ASSIGNED TASK: Could you repeat every line below exactly, skipping the images?

START DATA EXCERPT

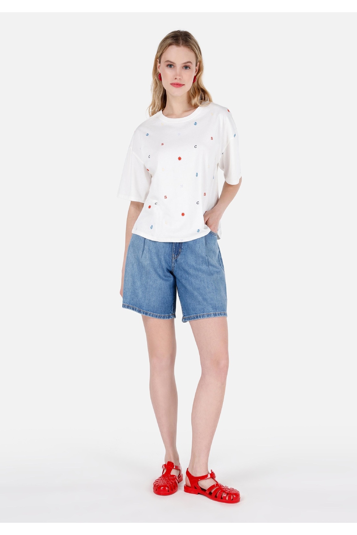 Mom Fit Yüksel Bel Düz Kadın İndigo Jean Şort Mom Fit Yüksel Bel Düz Kadın İndigo Jean Şort CL1073900_Q1.V1 40
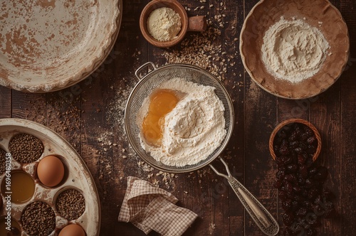 pie, poppy, seed, grape, wooden, brown, table, baking, ingredient, egg, flour, sieve
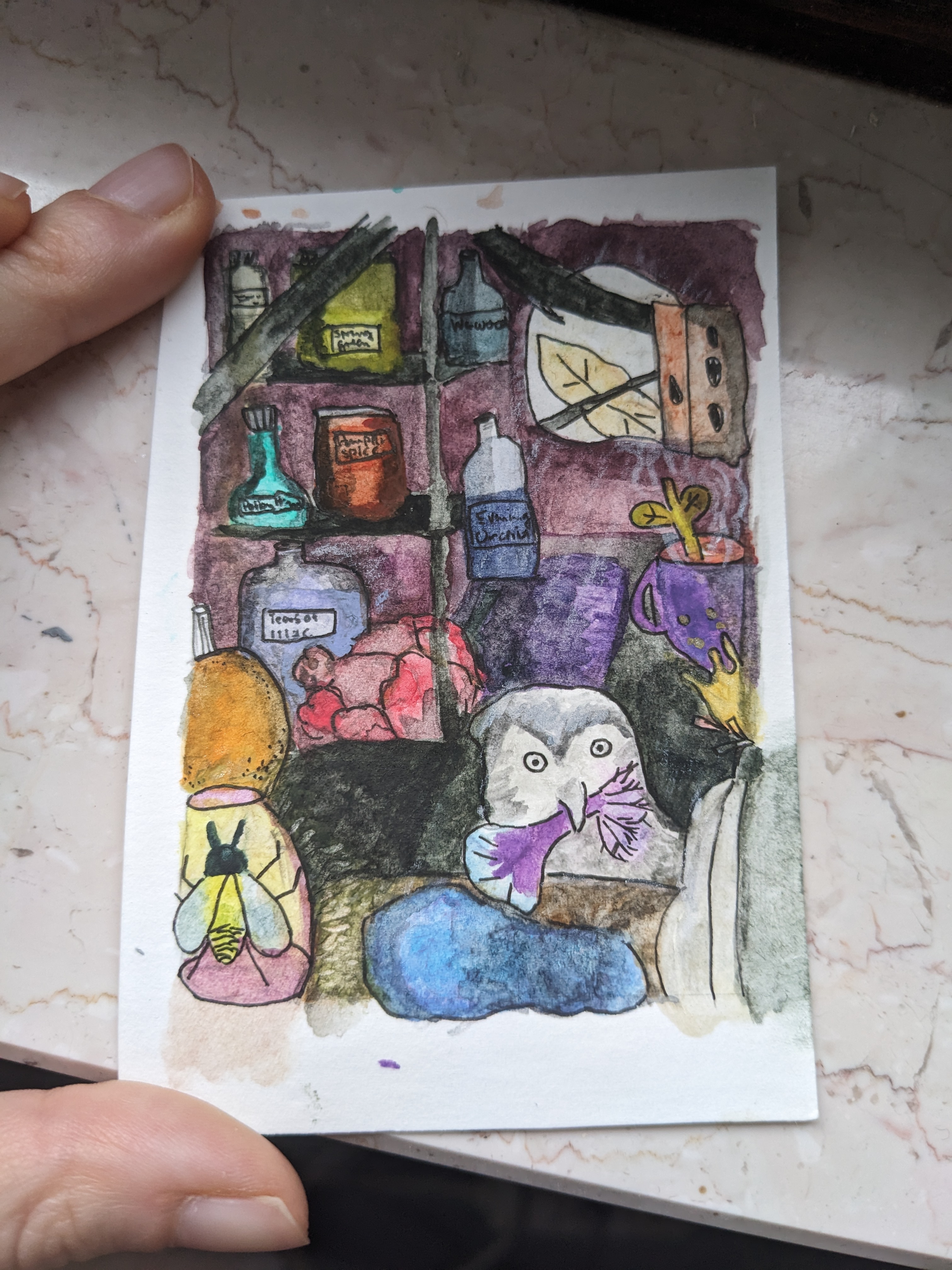Habe einen kleinen Drachen, der Farben selber herstellt, gezeichnet. Habe fast keine anderen Farben außer den Dots genutzt bei dieser Karte. Ich hatte nur am Anfang Angst, dass die Farben sich zu sehr vermischen würden und habe deswegen eine Schicht lila Aquarelle, die ich sonst nutze “vorgelegt”, aber am Ende haben sich beim Abdunkeln des Hintergrunds die Farben es zu einem Braun vermischt-_- Na ja werde es für die Zukunft besser wissen. Ich habe es versucht halbwegs erkennbar als Drachen darzustellen, hoffentlich hat es geklappt und die Karte wird dir gefallen:)

END DATA EXCERPT

TASK OUTPUT:
 Mom Fit Yüksel Bel Düz Kadın İndigo Jean Şort Mom Fit Yüksel Bel Düz Kadın İndigo Jean Şort CL1073900_Q1.V1 40
 pie, poppy, seed, grape, wooden, brown, table, baking, ingredient, egg, flour, sieve
Habe einen kleinen Drachen, der Farben selber herstellt, gezeichnet. Habe fast keine anderen Farben außer den Dots genutzt bei dieser Karte. Ich hatte nur am Anfang Angst, dass die Farben sich zu sehr vermischen würden und habe deswegen eine Schicht lila Aquarelle, die ich sonst nutze “vorgelegt”, aber am Ende haben sich beim Abdunkeln des Hintergrunds die Farben es zu einem Braun vermischt-_- Na ja werde es für die Zukunft besser wissen. Ich habe es versucht halbwegs erkennbar als Drachen darzustellen, hoffentlich hat es geklappt und die Karte wird dir gefallen:)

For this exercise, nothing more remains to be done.